RUSH: Dadelut dadelut dadelut dadelut dadelut. We have some global warming news, and here is white satirist Paul Shanklin as Algore.

(Playing of Ball of Fire.)

One more time there, Algore, let ‘er rip.

(Continued playing of song.)

That’s former vice president Algore portrayed vocally by white satirist Paul Shanklin. This is pretty big news here. The NASA administrator, Michael Griffin, I don’t know if this guy is a dittohead or not, but if not, he could be. He appeared on National Republican Radio — you know the libs are starting to call it that? They think NPR has gone right, it’s getting less bold on the left. Some guy somewhere called it National Republican Radio. Where was that, Salon.com I think. My memory is vague, but anyway, Michael Griffin, NASA administrator appeared on NPR and he told them that while he has no doubt that a trend of global warming exists, quote, ‘I’m not sure it’s fair to say it’s a problem we have to wrestle with.’ In an interview with NPR’s Steve Inskeep that aired today, administrator Griffin said, ‘I guess I would ask which human beings – where and when – are to be accorded the privilege of deciding that this particular climate that we have right here today, right now is the best climate for all other human beings. I think that’s a rather arrogant position for people to take.’
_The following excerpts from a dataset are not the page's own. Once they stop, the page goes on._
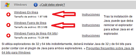 En esta página (ver imagen) tienes las versiones Java de 32 bits y 64 bits para Windows: Saludos cordiales.
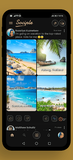 Sociple is a global platform for public self-expression that allows you to create and share your considerations, images, and videos. Besides, you can create text voting and image voting, or you can use both simultaneously to see people's reactions worldwide. Every vote can resonate worldwide and make a difference with Sociple!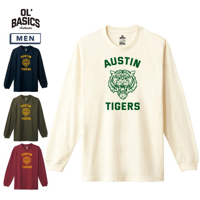 Ol' Basics(オール・ベーシックス) 長袖Tシャツ AUSTIN ロゴ タイガーイラスト プリント 袖リブ ロンT ロングTシャツ トップス カットソー メンズ ユニセックス

That is a brilliant point. As long as the Earth has been around, billions and billions of years, who are we to say that the way it is right now is perfection for everybody on the planet. This drills one of the biggest holes in the whole hoax of global warming that there is. The vanity, the assumption that the Earth as it is now is precisely perfect, has been, should be, and that any change from this point is bad and that we are causing it, how do we know that the so-called perfect climate of the Earth is now, for all the people of the planet? How do we know that the climate 30 years ago or a hundred years ago — the point is, there is no perfect climate because it’s always changing. The Earth is constantly heating and cooling. To arbitrarily say, ‘Today,’ when we have this political/religious issue that we’re trying to infuse everybody’s minds with, ‘this is perfect, any change from here is bad,’ when nobody can possibly know this.

‘The comments come at a difficult time for the Bush administration, which is undergoing pressure from other members of the G8 club, which under the current chair of Germany is pushing for global action on CO2 emissions.’ Speaking of CO2. Get this. Roy Spencer sent this to me yesterday, Dr. Spencer, our resident expert, climatology, University of Alabama Huntsville. He said, ‘Rush, people try to scare you by saying that humanity pumps 30 billion tons of CO2 into the atmosphere every year, and it sounds like a big number.’ You know, Gore’s out there saying this in his movie, An Inconvenient Truth, 30 billion tons of CO2. Thirty billion tons. That’s bad. Dr. Spencer’s writing a book that’s due out sometime in the fall about some of this, and he said, ‘I came up with the following illustration of how little CO2 there really is in the atmosphere and how little humanity produces. While Gore is out there saying that there are 30 billion tons of CO2 being pumped by human beings into the atmosphere each year, the current constitution of the atmosphere is this. It contains 38 molecules of CO2 for every 100,000 molecules of air.’ Folks, that’s nothing. ‘Thirty-eight molecules of CO2 for every 100,000 molecules of air, and it would take humanity five years to increase that number from 38 to 39. So every five years we add one molecule of CO2 to each 100,000 molecules of air.’ And yet this is how the left sells stuff, 30 billion tons, CO2, and now Germany and the G8, they’re saying, ‘Well, we gotta stop CO2 emissions. We’re pumping 30 billion tons.’ It’s not a factor. Thirty-eight molecules for every 100,000 molecules of air. Anyway, congratulations, Michael Griffin, great comment. There’s some other things that he said here as well. But that’s the main point. Who are we to say that it’s perfect now?